-- WHAT IS REQUIRED --
Nothing but the lines from the top of the records through the line with "早餐:青菜、冬瓜、香菜、荷包" should be returned, exactly, and without pictures.

-- PROVIDED RECORDS --

▬▬▬▬▬▬▬▬▬▬

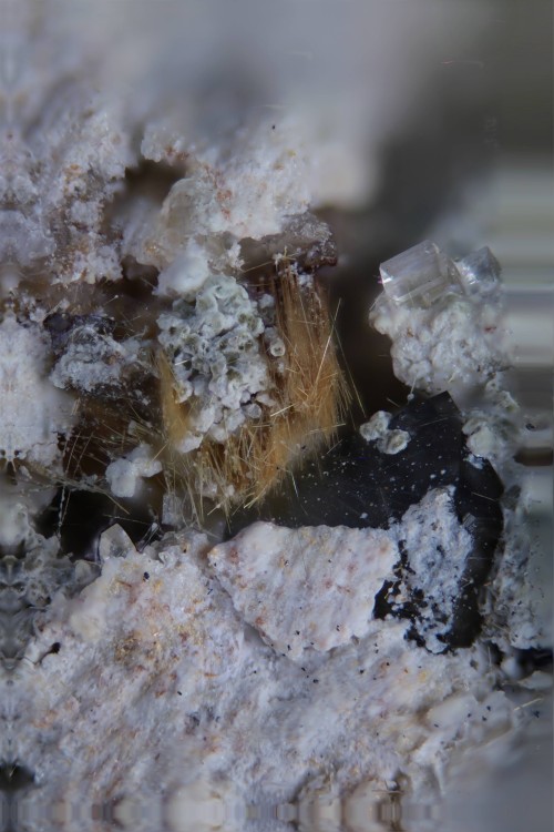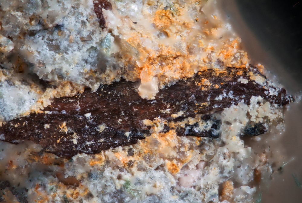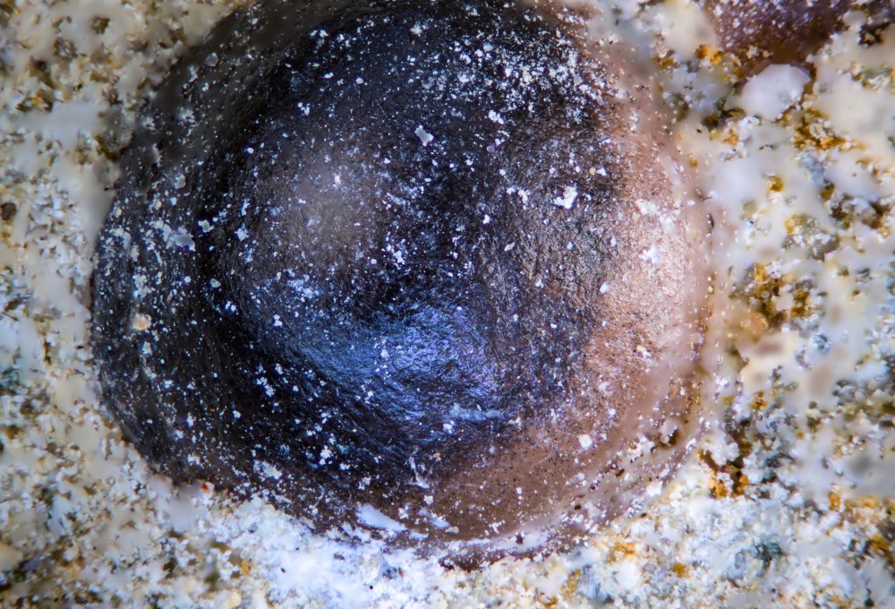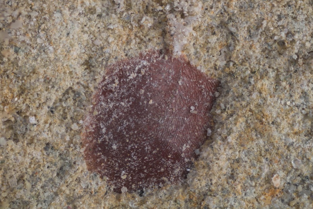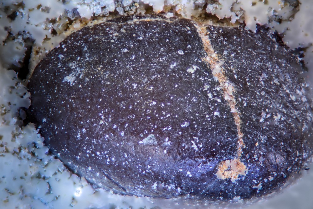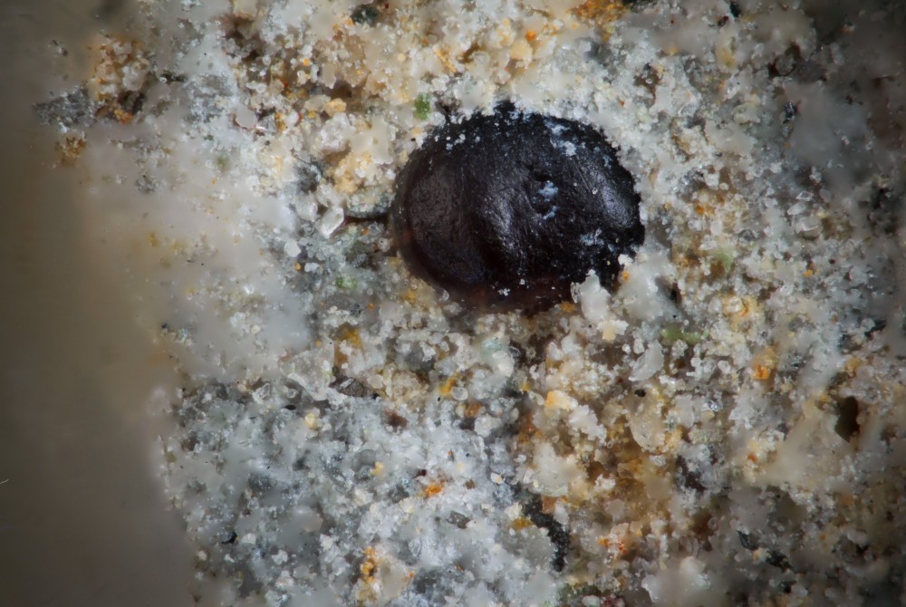 - 2) Et pleins d'autres petits morceaux de tailles plus ou moins similaire (02mm) "qui sautent" facilement. j'en ai perdu qq'uns en grattant à l'aiguille sans trop connaitre la fragilité. Je ne les touchent plus ! Ce serait étrange d'avoir la même identification ! Ces trouvailles étaient au même endroit, dans la partie du banc beaucoup plus riche en microfaune grise ou jaune...
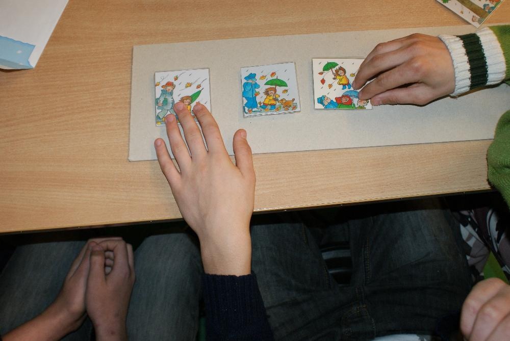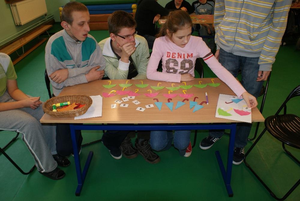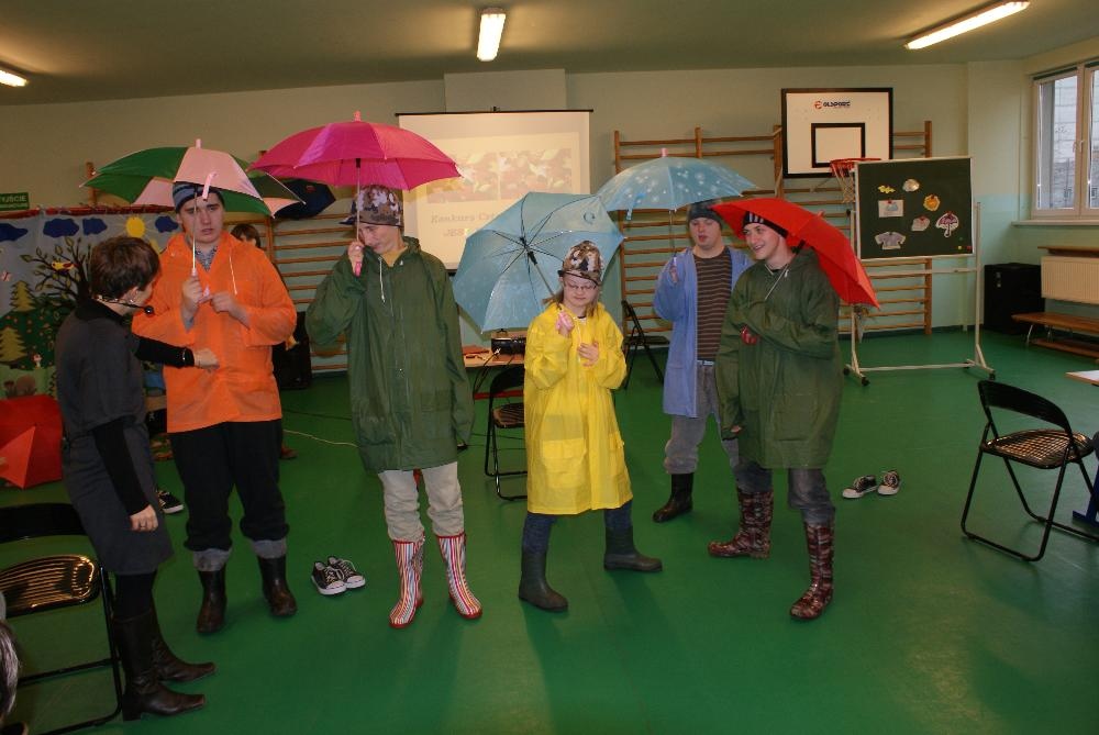 Uczniowie rozpoznawali charakterystyczne dla poszczególnych pór roku symbole, oceniali nastrój piosenek, układali historyjkę obrazkową, ubierali się na jesienny spacer oraz układali puzzle. Mimo deszczowej pogody dobry nastrój konkursu dopisywał i wszyscy spisali się na medal:
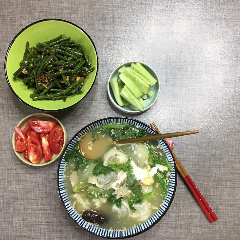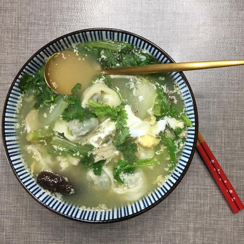 早餐:青菜、冬瓜、香菜、荷包蛋、鲜肉馄炖😄一碗馄炖5种食材,补充蛋白质、维生素和碳水化合物都有啦,馄炖是哥们包好,放冰箱冷冻的,想吃的时候随吃随取很方便,馄炖汤汁是无油的。
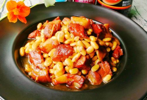 【吃货鉴赏】五花肉红烧特别美味,搭配黄豆更是味道好极了。黄豆含蛋白质多,五花肉也含有蛋白质,有助于补充蛋白质,提高记忆力和免疫力,适合老人和小孩食用。
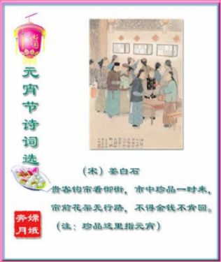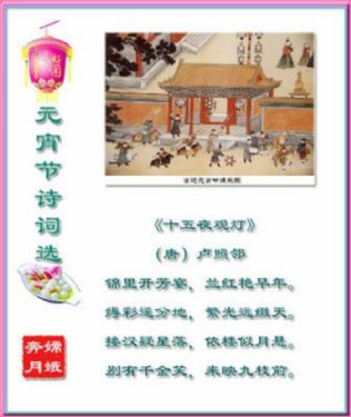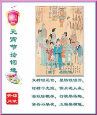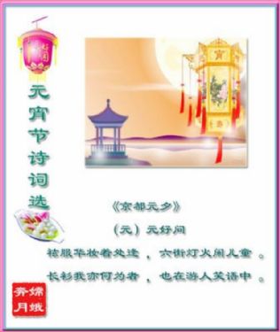 爱元宵三五风光,月色婵娟,灯火辉煌。月满冰轮,灯烧陆海,人踏春阳。三美事方堪胜赏,四无情可恨难长。怕的是灯暗光芒,人静荒凉,角品南楼,月下西厢。

▬▬▬▬▬▬▬▬▬▬

-- EXERCISE RESULT --
 - 2) Et pleins d'autres petits morceaux de tailles plus ou moins similaire (02mm) "qui sautent" facilement. j'en ai perdu qq'uns en grattant à l'aiguille sans trop connaitre la fragilité. Je ne les touchent plus ! Ce serait étrange d'avoir la même identification ! Ces trouvailles étaient au même endroit, dans la partie du banc beaucoup plus riche en microfaune grise ou jaune...
 Uczniowie rozpoznawali charakterystyczne dla poszczególnych pór roku symbole, oceniali nastrój piosenek, układali historyjkę obrazkową, ubierali się na jesienny spacer oraz układali puzzle. Mimo deszczowej pogody dobry nastrój konkursu dopisywał i wszyscy spisali się na medal:
 早餐:青菜、冬瓜、香菜、荷包蛋、鲜肉馄炖😄一碗馄炖5种食材,补充蛋白质、维生素和碳水化合物都有啦,馄炖是哥们包好,放冰箱冷冻的,想吃的时候随吃随取很方便,馄炖汤汁是无油的。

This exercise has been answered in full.